Functionalized Phenyl Peptoids with Enhanced Antibacterial Potency.

Abstract

Antimicrobial resistance (AMR) to traditional antibiotics and natural peptides has been recognized as a global challenge requiring efforts to address its widespread impact. Peptoids represent a promising class of peptidomimetics with proven activity against multidrug-resistant bacteria and show less susceptibility to enzymatic degradation. In this study, building on our previous design of dimeric peptoids, 22 amino and guanidino compounds of functionalized phenyl-dimeric peptoids were synthesized, incorporating electron-withdrawing and donating substituents, as well as the parent peptoid without substituents.
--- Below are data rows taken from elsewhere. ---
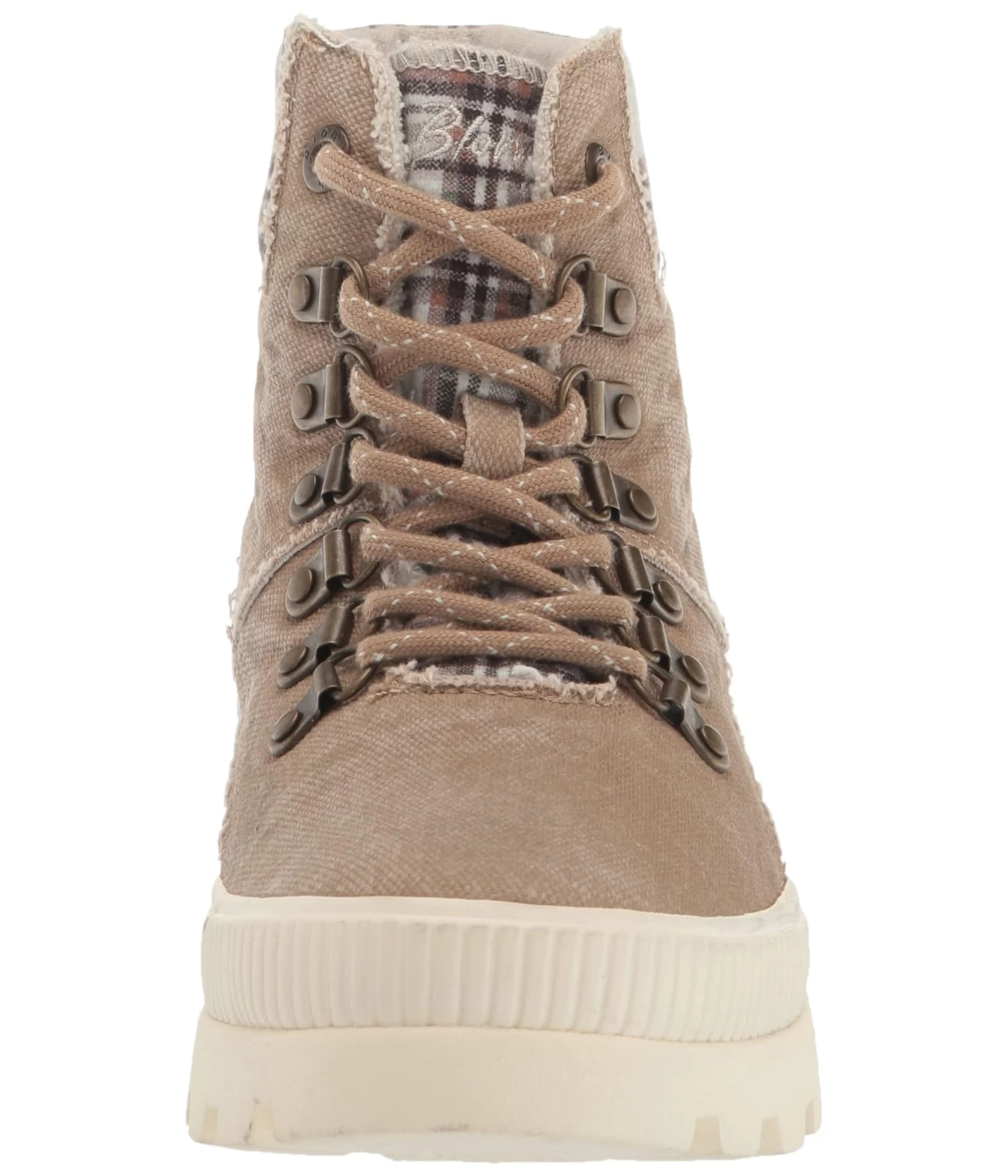 - Traditional lace-up closure with metal eyelets.
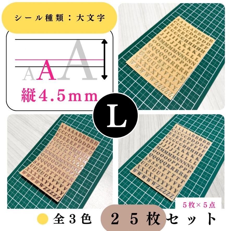 【全3色】【縦4.5mm】アルファベットシール 大文字 25枚セット|ゴールド, シルバー, レッドゴールド|ハンドメイド素材・レジン・文字【5, 15枚入りより低単価】【一定金額で送料0円】
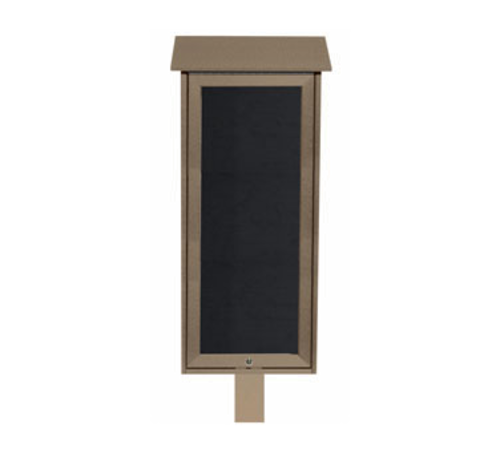 Slimline Message Center, 16"W x 34"H, freestanding, black letter board, plastic lumber frame, (1) door, top hinged, full length piano hinges, lockable, plastic lumber single post, includes: (2) keys, (1) set of 3/4" Helvetica letters and assortment tray, weatherproof, weathered wood (packed in 2 boxes, must be shipped LTL)

The electronic nature of the substituent and the guanidino group played a vital role in tuning the peptoid antibacterial activity. Guanidino peptoids 11h, 11i, and 11f were the most effective peptoids against Gram-positive and Gram-negative bacteria, with MICs of 0.75 to 2.6 μg mL^-1 against Staphylococcus aureus strains and MICs of 6 to 10.9 μg mL^-1 against Escherichia coli. Guanidino peptoids in the presence of the electron-withdrawing group, including halogens and a nitro group, or in the presence of moderate electron-donating groups such as methyl and tert-butyl, showed the best activity against bacteria, especially Gram-positive strains. Mechanistic studies using cytoplasmic membrane permeability and flow cytometric viability measurements revealed that the antibacterial effect might be mostly attributed to bacterial cell membrane damage. These promising antibacterial peptoids exhibited negligible hemolysis of mammalian red blood cells. Peptoid 11f, containing a methyl group, was the most effective disruptor and inhibitor of S. aureus or E. coli biofilms. These peptoids have the potential to be used as antibacterial surface coatings or therapeutic antibacterial agents.